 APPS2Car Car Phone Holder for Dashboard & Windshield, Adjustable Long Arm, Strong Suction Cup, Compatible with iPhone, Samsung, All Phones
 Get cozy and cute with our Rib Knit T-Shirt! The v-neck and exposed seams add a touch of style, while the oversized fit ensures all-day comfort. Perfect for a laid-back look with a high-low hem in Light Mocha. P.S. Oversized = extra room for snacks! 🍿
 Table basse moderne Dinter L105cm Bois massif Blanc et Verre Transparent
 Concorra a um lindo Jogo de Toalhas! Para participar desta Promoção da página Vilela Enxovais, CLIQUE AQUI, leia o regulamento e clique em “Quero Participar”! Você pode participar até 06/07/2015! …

※

**ASSIGNED TASK**
Copy out the entire listing above exactly.

**WRITTEN SOLUTION**
 APPS2Car Car Phone Holder for Dashboard & Windshield, Adjustable Long Arm, Strong Suction Cup, Compatible with iPhone, Samsung, All Phones
 Get cozy and cute with our Rib Knit T-Shirt! The v-neck and exposed seams add a touch of style, while the oversized fit ensures all-day comfort. Perfect for a laid-back look with a high-low hem in Light Mocha. P.S. Oversized = extra room for snacks! 🍿
 Table basse moderne Dinter L105cm Bois massif Blanc et Verre Transparent
 Concorra a um lindo Jogo de Toalhas! Para participar desta Promoção da página Vilela Enxovais, CLIQUE AQUI, leia o regulamento e clique em “Quero Participar”! Você pode participar até 06/07/2015! …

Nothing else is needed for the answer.